Я пожал плечами и вновь сконцентрировал свое внимание на облике проносящихся мимо улиц. Однако прежде, чем я успел с чувством, далеким от удивления, оценить взглядом размеры выросшей перед нами очередной составленной и цветов пирамиды, все исчезло. Перед нами вспыхнули резкие ксеноновые огни. Мы двигались по туннелю.
2.
В медицинской дежурке царил полумрак. Экраны с извивающимися синусоидами и полосами записей наводили на мысль о кабине ракеты. Но это была Земля. С полетами эти фигуры имели только то общее, что пилот Центра мог прочитать по ним, отправится ли он еще хотя бы раз в жизни к звездам. Или, в лучшем случае, на ближайшую орбитальную станцию.
Коунрида потянулся и отодвинул кресло. Быстрым движением загасил экраны. В помещении посветлело.
— Порядок, — бросил он сонным, словно бы усталым голосом. — Всегда у вас все в порядке. Никто не хочет верить, когда я говорю, что работа здесь — обычнейшая синекура… — он усмехнулся.
— Может переквалифицироваться, — вежливо предложил я. — Я слышал, что экипажи жалуются на неполадки со стимуляторами. В конце концов, какая разница, следить ли за естественной конфигурацией биотоков, или заниматься корректирующей аппаратурой… разумеется, — добавил я чуть погодя, — об этих авариях я слышал девять лет назад…
Я невольно понизил голос. Неожиданно почувствовал усталость. Мне недоставало суматохи города. С каким бы удовольствием я оказался среди этих идиотических декораций, затерялся в толпе, веселящейся по непонятному поводу.
— На этом все? — бросил я. И сам поразился, сколько нетерпения прозвучало в моем голосе.
Коунрида вздрогнул. Лицо его потяжелело.

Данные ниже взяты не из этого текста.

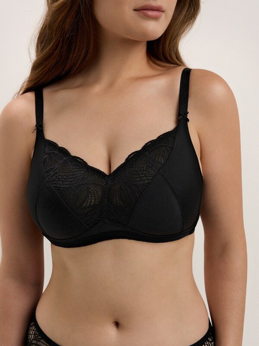 Классическая серия белья Aura создана из неэластичного функционального трикотажа и кружева с растительным рисунком. Белье эффектно подчеркивает женственные линии и гарантирует безупречную поддержку, необходимую для обладательниц пышных форм.
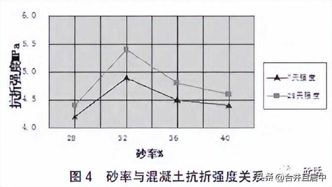 混凝土配合比的砂率对其工作性能有较大影响,混凝土抗折强度会随着砂率的增大而出现先增后减的趋势,如图4所示。
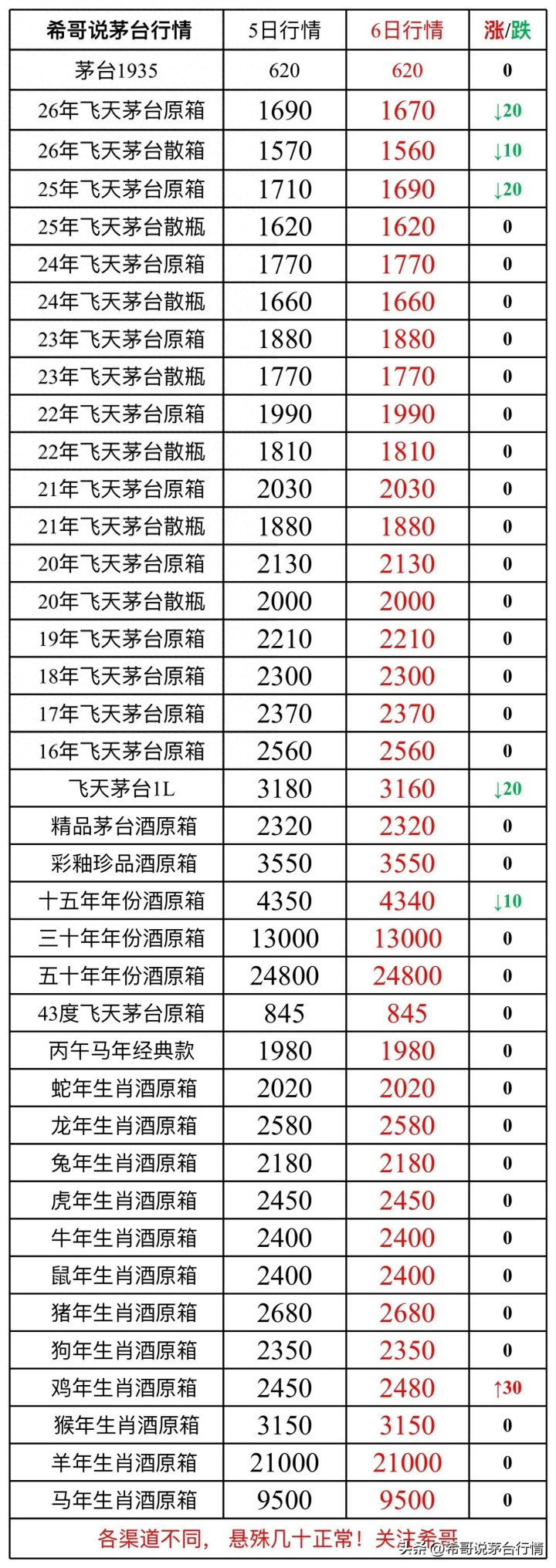 4月6日鸡年生肖独涨、新飞天等5款核心品下跌,是茅台淡季极致分化的典型表现——生肖稀缺性兑现、新飞天获利回吐、大规格脉冲修正,价盘韧性充足、无系统性风险。短期看分化延续、新飞天磨底,中长期核心资产价值依然稳固。
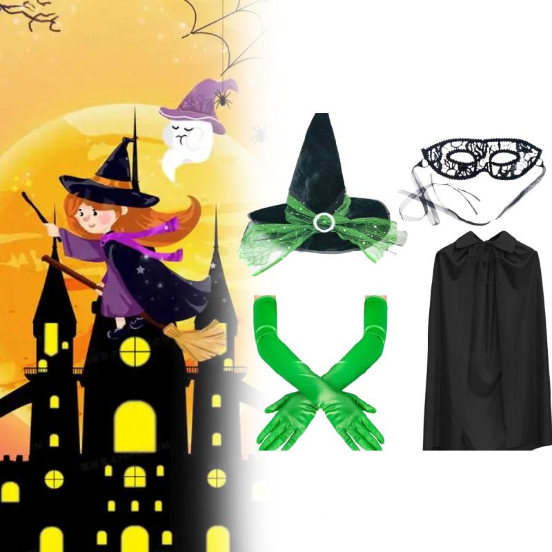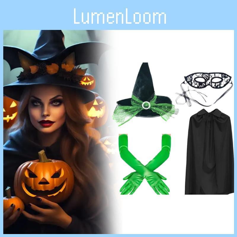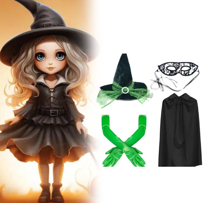 Этот набор аксессуаров для костюма на Хэллоуин включает шляпу ведьмы с оборками, кружевную маску, перчатки и плащ с капюшоном, изготовленные из прочной ткани. с регулируемой посадкой для комфорта. Идеально подходит для тематических вечеринок или праздничных собраний, дополняет любой костюмированный образ.. Легкий в уходе, протирать влажной тканью.
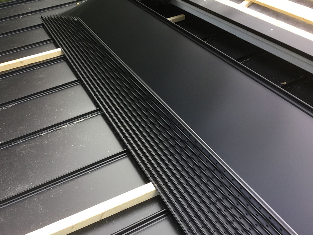 Miten sitten huomioimme uuden katon tiiviyden, toimivuuden ja turvallisuuden, kun remontoimme Poimukate peltikatot? Tiiviys taataan ensinnäkin asentamalla peltikatteen alle aluskate. Peltikate on yksi niin sanotuista epäjatkuvista katteista, joten parhaimmatkaan ammattilaiset eivät saa siitä sataprosenttisen vedenpitävää – se ei yksinkertaisesti ole mahdollista. Kattokokonaisuuden kyky pitää vettä varmistetaan oikein asennetulla aluskatteella, mikä on täysin vesitiivis. Sen tehtävä on ohjata esimerkiksi sisätaitteen kohdalta sisälle tihkuvat vedet heti pois katon alta. Aluskatetta ei kuitenkaan kannata kuormittaa liikaa. Siksi panostamme myös vesikatteen ja etenkin kaikkien läpivientien asennukseen. Esimerkiksi kattoikkunan tiiviys varmistetaan käyttämällä nimenomaan peltikatolle suunnattua kattoikkunan asennussarjaa ja piipunjuuren tiiviys suorittamalla piipun pellitys.

Какое-то время он молча разглядывал меня, потом вздохнул и помотал головой. Дважды прошелся по помещению, потом остановился перед белым ящиком, встроенным в стену. Повернулся и подал мне флакон с оранжевыми таблетками.
— Возьми-ка, — проворчал он. — Прими сейчас три, и пять — утром. Последнюю — накануне вечера. Прежде, чем заснешь, — добавил он с нажимом.
— У меня нет привычки глотать таблетки ради сна, — отозвался я. — Что это такое?
— Гомеотал, — бросил он.
— Что?
— Я же сказал, таблетки гомеотала. Это новое снадобрье, используемое для… впрочем, не стоит об этом. Мы здесь пользуемся ими уже две недели…
— Кто это «мы»? — перебил я. — Врачи?